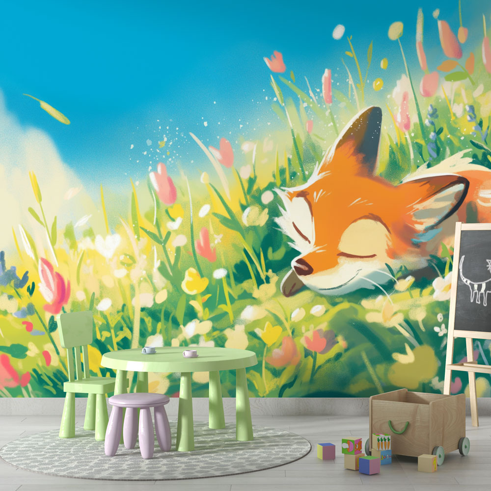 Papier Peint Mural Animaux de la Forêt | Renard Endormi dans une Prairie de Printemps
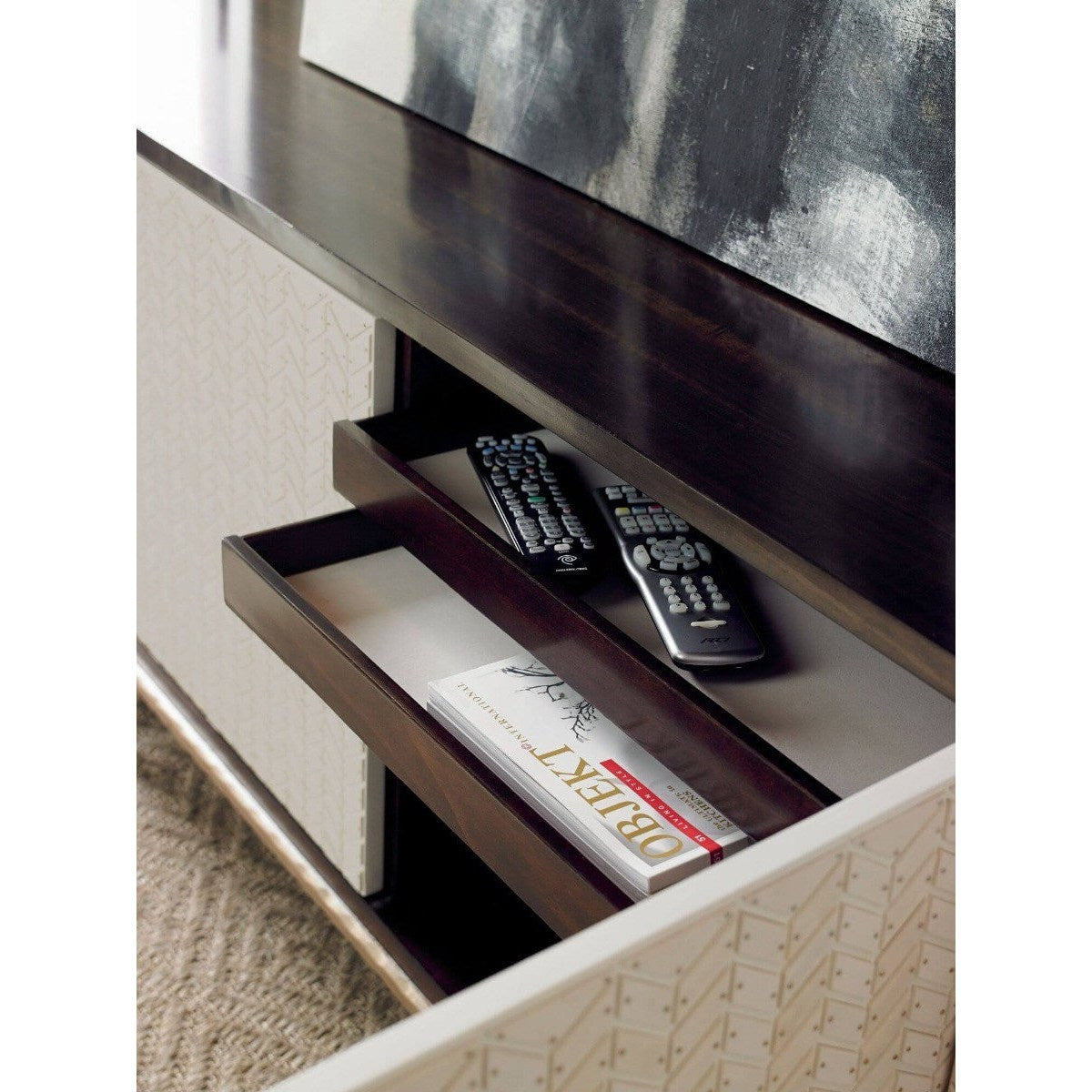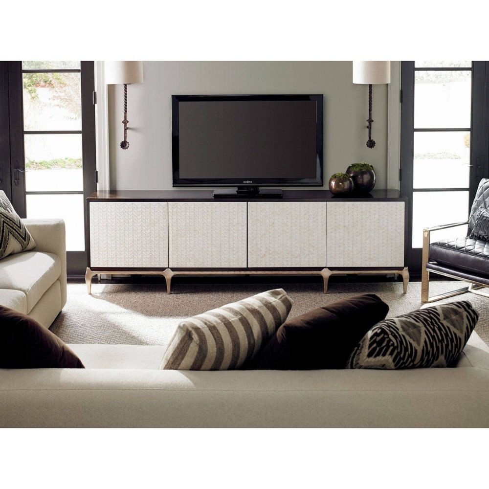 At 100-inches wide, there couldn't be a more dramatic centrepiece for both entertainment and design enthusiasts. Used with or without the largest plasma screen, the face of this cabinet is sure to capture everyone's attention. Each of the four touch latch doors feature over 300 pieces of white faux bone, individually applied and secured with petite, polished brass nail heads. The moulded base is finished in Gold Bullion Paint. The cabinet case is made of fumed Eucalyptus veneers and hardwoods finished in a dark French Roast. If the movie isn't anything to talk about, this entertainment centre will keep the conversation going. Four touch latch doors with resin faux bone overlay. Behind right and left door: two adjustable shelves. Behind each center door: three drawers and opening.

==

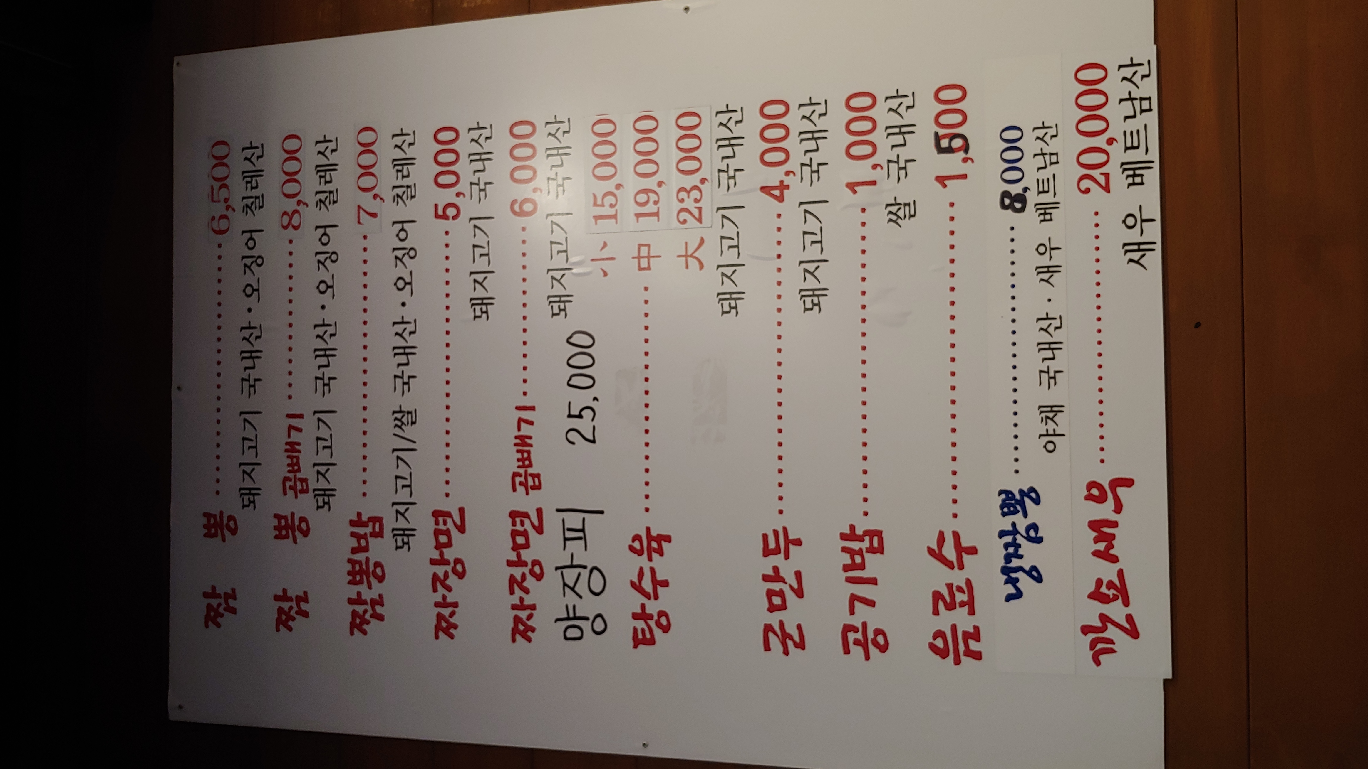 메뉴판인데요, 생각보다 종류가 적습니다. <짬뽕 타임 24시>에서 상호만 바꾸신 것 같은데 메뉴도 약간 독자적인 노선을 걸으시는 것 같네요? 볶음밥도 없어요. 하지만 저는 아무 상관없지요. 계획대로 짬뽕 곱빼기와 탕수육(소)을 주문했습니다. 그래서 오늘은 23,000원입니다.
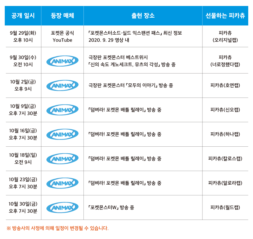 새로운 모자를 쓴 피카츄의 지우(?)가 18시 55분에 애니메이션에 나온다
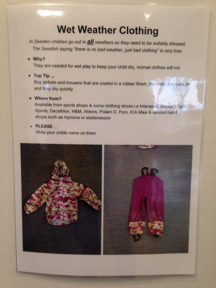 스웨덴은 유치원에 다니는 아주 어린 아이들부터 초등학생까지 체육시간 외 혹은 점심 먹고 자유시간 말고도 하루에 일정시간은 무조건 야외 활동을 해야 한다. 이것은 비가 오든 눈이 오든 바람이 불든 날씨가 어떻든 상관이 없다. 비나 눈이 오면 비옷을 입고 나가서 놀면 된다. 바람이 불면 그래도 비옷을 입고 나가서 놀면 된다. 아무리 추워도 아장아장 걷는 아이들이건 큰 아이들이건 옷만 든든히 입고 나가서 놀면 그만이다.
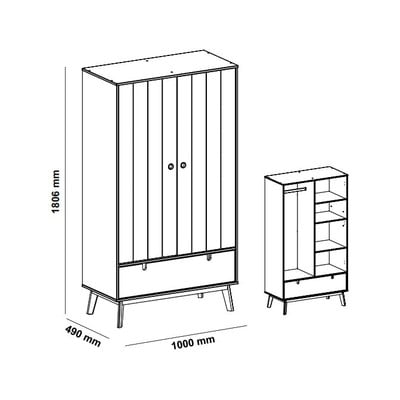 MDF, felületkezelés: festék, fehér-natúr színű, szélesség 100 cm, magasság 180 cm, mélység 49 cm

==

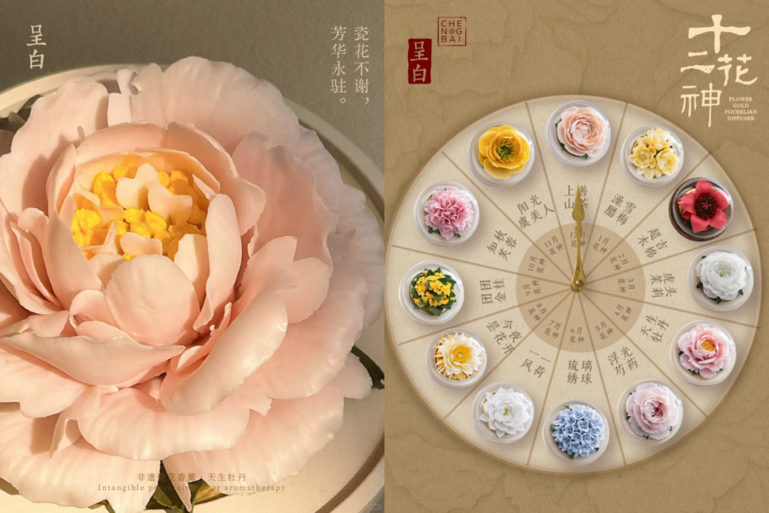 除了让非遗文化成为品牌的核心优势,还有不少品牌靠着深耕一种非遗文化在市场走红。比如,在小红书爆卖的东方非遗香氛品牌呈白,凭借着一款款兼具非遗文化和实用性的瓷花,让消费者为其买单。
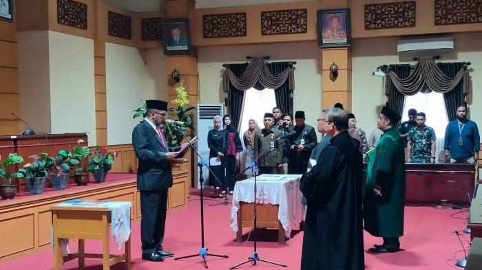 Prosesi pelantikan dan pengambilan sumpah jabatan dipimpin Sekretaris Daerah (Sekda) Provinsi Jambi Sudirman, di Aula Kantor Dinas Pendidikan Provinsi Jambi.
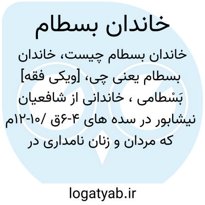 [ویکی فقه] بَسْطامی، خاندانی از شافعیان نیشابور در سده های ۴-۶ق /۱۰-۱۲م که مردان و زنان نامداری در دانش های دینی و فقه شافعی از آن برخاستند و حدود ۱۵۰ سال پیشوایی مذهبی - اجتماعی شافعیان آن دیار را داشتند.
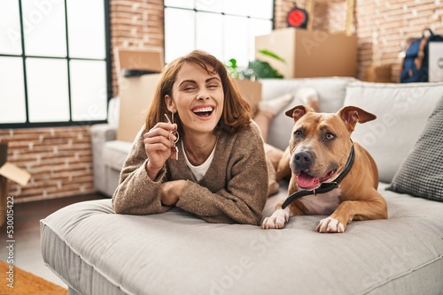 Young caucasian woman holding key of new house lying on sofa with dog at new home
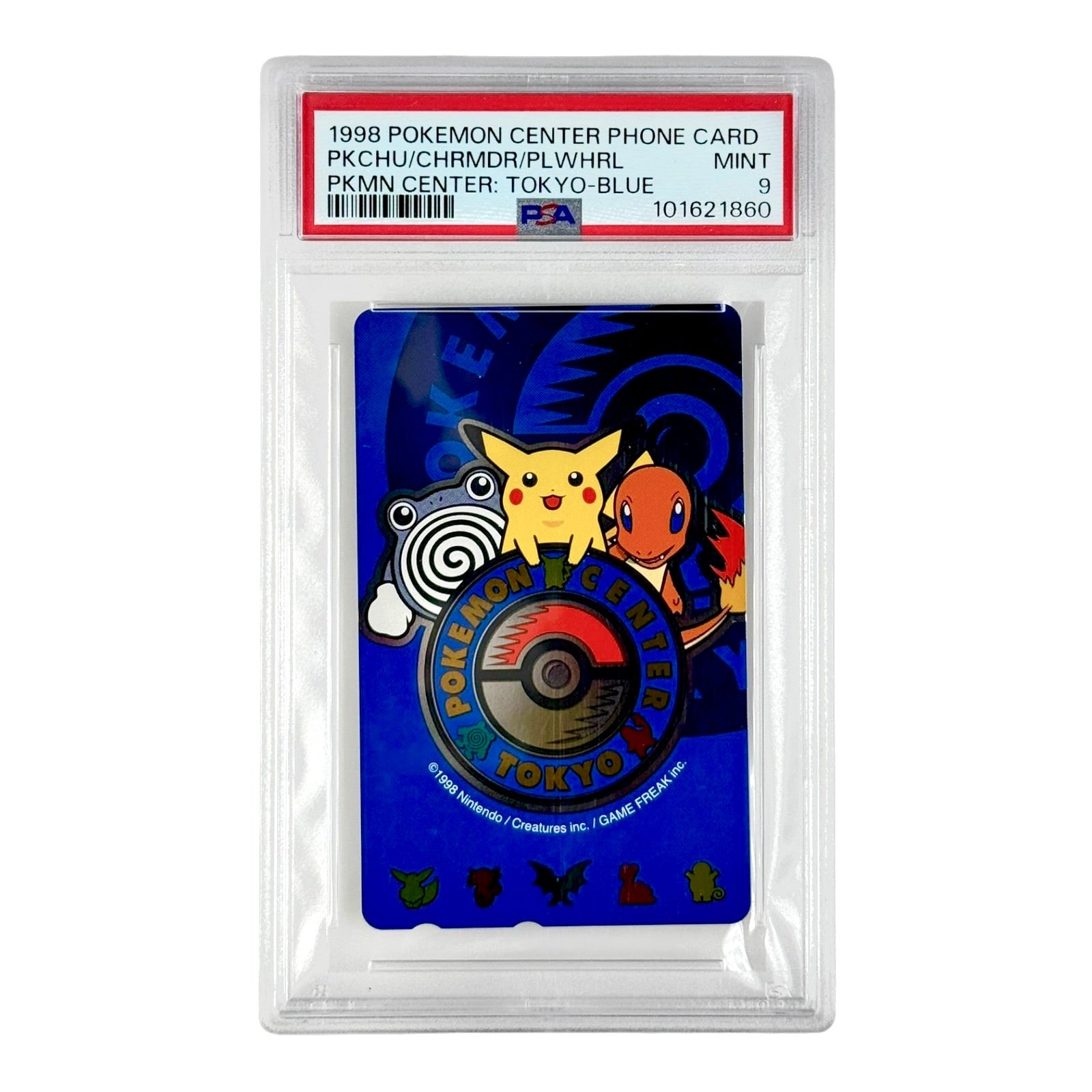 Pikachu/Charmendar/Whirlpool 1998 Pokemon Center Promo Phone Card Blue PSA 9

- _What the exercise asks_:
In the entries above, find the line with "Young caucasian woman" and the line with "Pikachu/Charmendar/Whirlpool 1998 Pokemon". Return exactly those lines and all the ones between them, pictures excluded.

- _Solution to the problem_:
 Young caucasian woman holding key of new house lying on sofa with dog at new home
 Pikachu/Charmendar/Whirlpool 1998 Pokemon Center Promo Phone Card Blue PSA 9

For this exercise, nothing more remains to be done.